QUIRKY WORLD ... Puppet show knocked back over links to violence
The traditional puppet show had been planned to feature as part of the Barry Island Beats, Eats and Treats festival in south Wales next month.
However, it faced opposition from a number of officials who said the performance would be at odds with the county council’s standpoint on domestic violence — including objections from local councillors.
Some package
An Arkansas man has been arrested after police say he had 60kg of marijuana shipped from Mexico to his home.
Jonesboro Police Department spokesman Paul Holmes said officers posed as delivery men and arrested 52-year-old Alberto Gomez-Reyes after he signed for the package containing the marijuana.
Police say he had the officers place it in the back of his truck.
Origami robot
An ‘origami robot’ that unfolds itself to perform remote-controlled surgery in the stomach has undergone laboratory tests.
The small rectangular device, swallowed in a dissolvable capsule, is steered by magnetic fields and can crawl across the stomach wall to patch a wound or capture foreign material.
One of its uses could be to remove potentially harmful swallowed button batteries, said the US researchers. Each year, 3,500 cases of batteries being swallowed are reported in the US alone.
Hair-raising
A lock of hair from Thomas Jefferson has sold at auction in Texas for $6,875 (€6,000), nearly 190 years after the former president died.
Heritage Auctions in Dallas said Saturday’s sale involved 14 strands that were snipped by Jefferson’s physician at the time of the statesman’s death on July 4, 1826.
A Heritage Auctions statement says the pre-auction estimate for the hair was $3,000.
The buyer wished to remain anonymous. The seller was collector William F. Northrop, who purchased the lock in the early 1980s from an autograph scholar. The documentation includes a letter confirming the lock as part of a limited number of Jefferson’s hair samples known to exist.
Crab spectacle
Thousands of tiny red crabs are carpeting beaches in Orange County and creating an amazing spectacle for swimmers and surfers.
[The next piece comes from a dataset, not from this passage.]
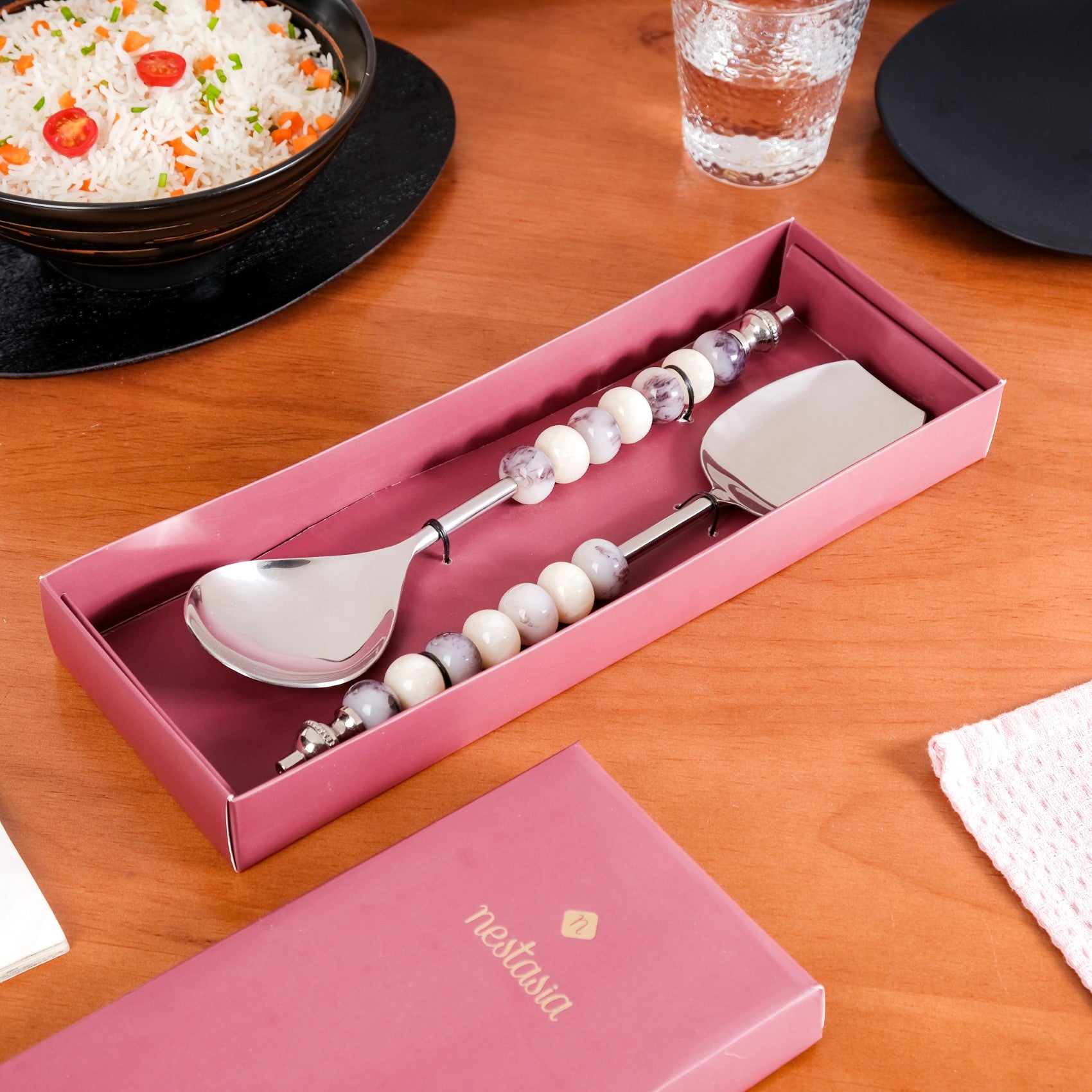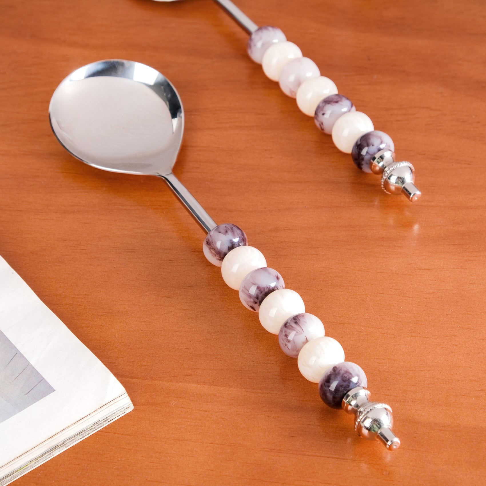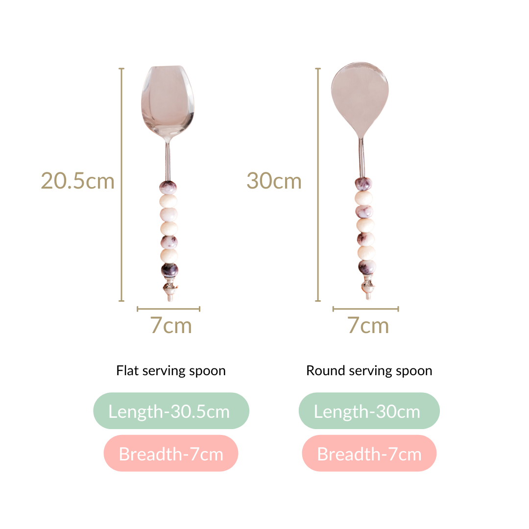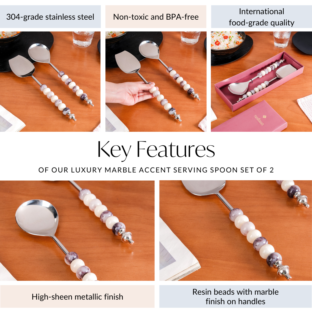 The resin beads on the handles of these serving spoons not only add an aesthetic touch but also provide an anti-slip feature, ensuring a secure grip while serving, even with wet or greasy hands.

Lifeguards estimate that hundreds of thousands of the tiny crustaceans have washed up Friday on beaches in Newport Beach. Others were spotted in Laguna Beach.
The Orange County Register reports that pelagic red crabs are usually found off Baja California, but currents that are part of the El Nino weather pattern are sweeping them north.
The 2.5cm-7.5cm crabs have washed up for several years along the Orange County coastline.
Before that, they hadn’t been seen in the area for decades.
Bad luck day
Bad luck followed a group of teenagers heading to the prom on Friday the 13th as the limousine they were riding in caught fire.
WFXT-TV reports that the Natick High School students from Massachusetts smelled smoke in the white stretch limousine around 6pm on Friday.
Good luck returned when the 10 teens and the driver escaped the limo unharmed before it burst into flames.
It’s unclear what caused the blaze. Natick police tweeted the limo “might be evil” because the fire later rekindled.
The teens did make it to the prom; they caught a ride on a passing trolley also headed there.
Tigers on the roam
Two tigers escaped from their enclosure at a Dutch big cat sanctuary on Saturday, prompting police to warn residents to stay indoors, but the animals were shot with tranquilisers and never got beyond the sanctuary’s outer fence.
“The tigers are back from their adventure and indoors sleeping it off,” tweeted the local Dutch municipality of Ooststellingwerf in Friesland province.
Police spokeswoman Nathalie Schubart said the animals had been cornered by officers and tranquilized by a veterinarian as the sanctuary’s outer fence was not considered tiger-proof.
Schubart said it was not immediately clear how the animals escaped, but a gate to their enclosure could have been left open.
The tigers did not hurt anyone during their brief foray into the wooded grounds of the sanctuary.
Dogged loyalty
When a venomous Eastern diamondback rattlesnake appeared in the backyard of a 7-year-old girl, her German shepherd came to her rescue, refusing to back down even when the snake bit him three times.
In short, Haus is a hero.
“It shows you that a rescue dog, for us, paid it forward by protecting my family,” said Adam DeLuca of Tampa.
Now hundreds of donors are coming to the family’s rescue to help pay for the antivenin needed to keep the dog alive.